**THE TASK:** Using the records that follow, reproduce exactly the lines starting at the line containing "Каркасный дом по" and ending at the line containing "Residences at Peloro". Include both end lines and no pictures.

*** LISTED ENTRIES ***

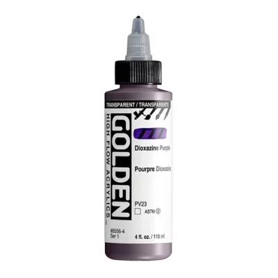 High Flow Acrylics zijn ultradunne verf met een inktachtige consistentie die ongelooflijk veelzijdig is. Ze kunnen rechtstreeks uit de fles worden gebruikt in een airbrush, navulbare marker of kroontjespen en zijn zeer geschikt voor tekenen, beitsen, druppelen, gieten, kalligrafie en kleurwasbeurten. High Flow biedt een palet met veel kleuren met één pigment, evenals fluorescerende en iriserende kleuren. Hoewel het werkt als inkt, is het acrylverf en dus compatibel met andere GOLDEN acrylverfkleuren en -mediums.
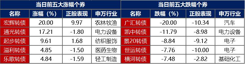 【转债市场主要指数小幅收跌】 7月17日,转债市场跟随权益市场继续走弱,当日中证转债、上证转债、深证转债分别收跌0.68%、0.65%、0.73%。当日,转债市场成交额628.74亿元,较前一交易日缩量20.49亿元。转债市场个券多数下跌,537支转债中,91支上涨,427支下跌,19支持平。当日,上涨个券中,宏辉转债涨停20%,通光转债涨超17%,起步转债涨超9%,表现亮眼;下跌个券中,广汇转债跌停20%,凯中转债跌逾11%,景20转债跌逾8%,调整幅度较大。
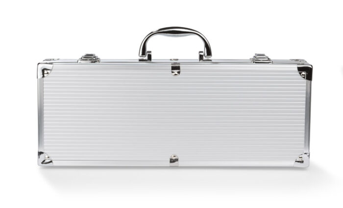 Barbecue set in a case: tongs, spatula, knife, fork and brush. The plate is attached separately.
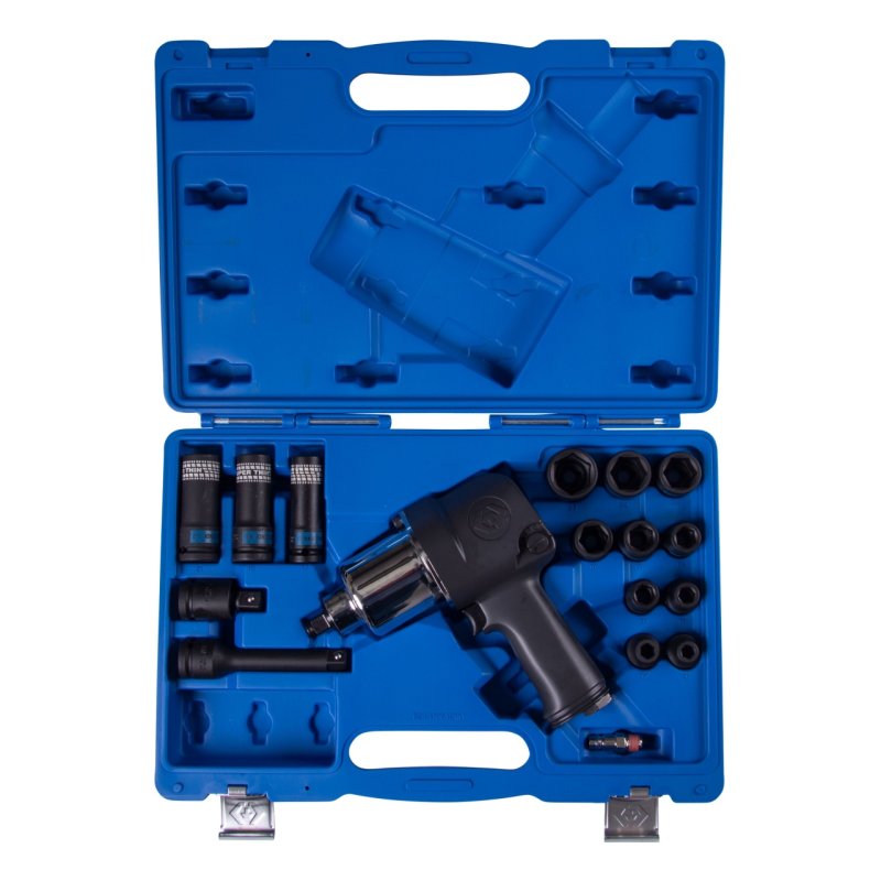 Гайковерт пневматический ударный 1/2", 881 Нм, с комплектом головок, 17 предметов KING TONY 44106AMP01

*** End of LISTED ENTRIES ***
*** LISTED ENTRIES ***

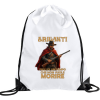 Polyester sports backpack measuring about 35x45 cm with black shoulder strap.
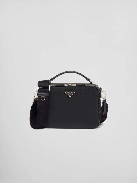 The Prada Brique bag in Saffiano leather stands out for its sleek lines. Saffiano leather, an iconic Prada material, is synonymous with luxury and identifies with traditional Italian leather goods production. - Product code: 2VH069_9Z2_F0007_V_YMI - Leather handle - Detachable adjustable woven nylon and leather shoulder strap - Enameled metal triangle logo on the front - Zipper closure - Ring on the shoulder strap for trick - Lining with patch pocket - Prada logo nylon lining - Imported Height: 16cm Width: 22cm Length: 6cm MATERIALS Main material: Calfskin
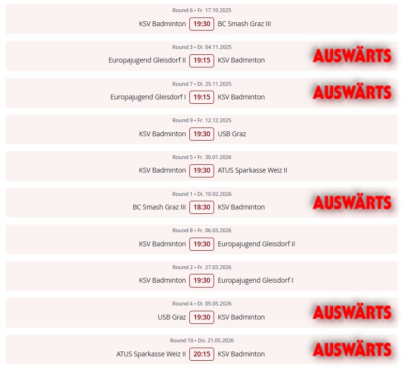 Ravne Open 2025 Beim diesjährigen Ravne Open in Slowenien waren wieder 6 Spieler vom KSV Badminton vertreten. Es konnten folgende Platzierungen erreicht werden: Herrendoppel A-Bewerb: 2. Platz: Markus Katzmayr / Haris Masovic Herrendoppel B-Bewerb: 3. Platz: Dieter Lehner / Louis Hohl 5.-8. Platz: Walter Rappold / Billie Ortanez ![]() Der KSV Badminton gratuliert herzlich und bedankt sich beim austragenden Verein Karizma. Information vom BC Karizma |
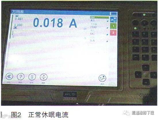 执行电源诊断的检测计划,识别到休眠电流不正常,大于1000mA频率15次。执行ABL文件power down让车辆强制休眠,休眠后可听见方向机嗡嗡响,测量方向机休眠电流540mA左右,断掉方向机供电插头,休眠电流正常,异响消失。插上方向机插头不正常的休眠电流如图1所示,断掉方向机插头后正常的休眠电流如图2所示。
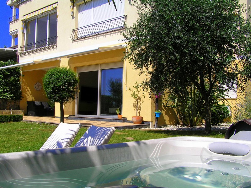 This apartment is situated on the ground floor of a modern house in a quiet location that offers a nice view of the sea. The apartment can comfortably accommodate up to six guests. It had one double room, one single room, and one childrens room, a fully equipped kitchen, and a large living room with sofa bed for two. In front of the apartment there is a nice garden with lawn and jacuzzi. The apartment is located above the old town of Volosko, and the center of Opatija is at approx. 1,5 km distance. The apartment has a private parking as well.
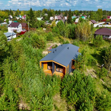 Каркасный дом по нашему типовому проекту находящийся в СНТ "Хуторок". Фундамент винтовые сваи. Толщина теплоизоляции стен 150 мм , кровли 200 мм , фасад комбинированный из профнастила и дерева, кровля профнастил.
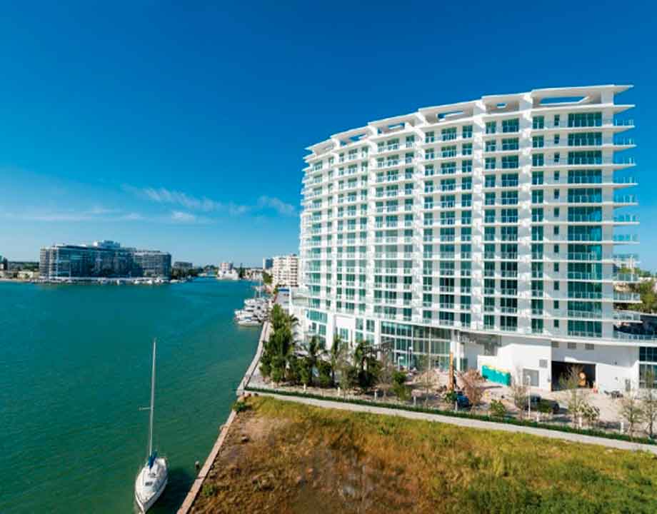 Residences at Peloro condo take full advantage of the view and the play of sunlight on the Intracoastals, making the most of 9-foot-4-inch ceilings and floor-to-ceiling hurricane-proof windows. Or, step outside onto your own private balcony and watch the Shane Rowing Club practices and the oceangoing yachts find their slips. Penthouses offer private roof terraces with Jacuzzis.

*** End of LISTED ENTRIES ***
*** LISTED ENTRIES ***

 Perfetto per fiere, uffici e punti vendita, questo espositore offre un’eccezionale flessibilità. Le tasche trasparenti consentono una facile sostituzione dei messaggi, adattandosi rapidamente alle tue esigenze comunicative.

*** End of LISTED ENTRIES ***

**REPLY:**
 Каркасный дом по нашему типовому проекту находящийся в СНТ "Хуторок". Фундамент винтовые сваи. Толщина теплоизоляции стен 150 мм , кровли 200 мм , фасад комбинированный из профнастила и дерева, кровля профнастил.
 Residences at Peloro condo take full advantage of the view and the play of sunlight on the Intracoastals, making the most of 9-foot-4-inch ceilings and floor-to-ceiling hurricane-proof windows. Or, step outside onto your own private balcony and watch the Shane Rowing Club practices and the oceangoing yachts find their slips. Penthouses offer private roof terraces with Jacuzzis.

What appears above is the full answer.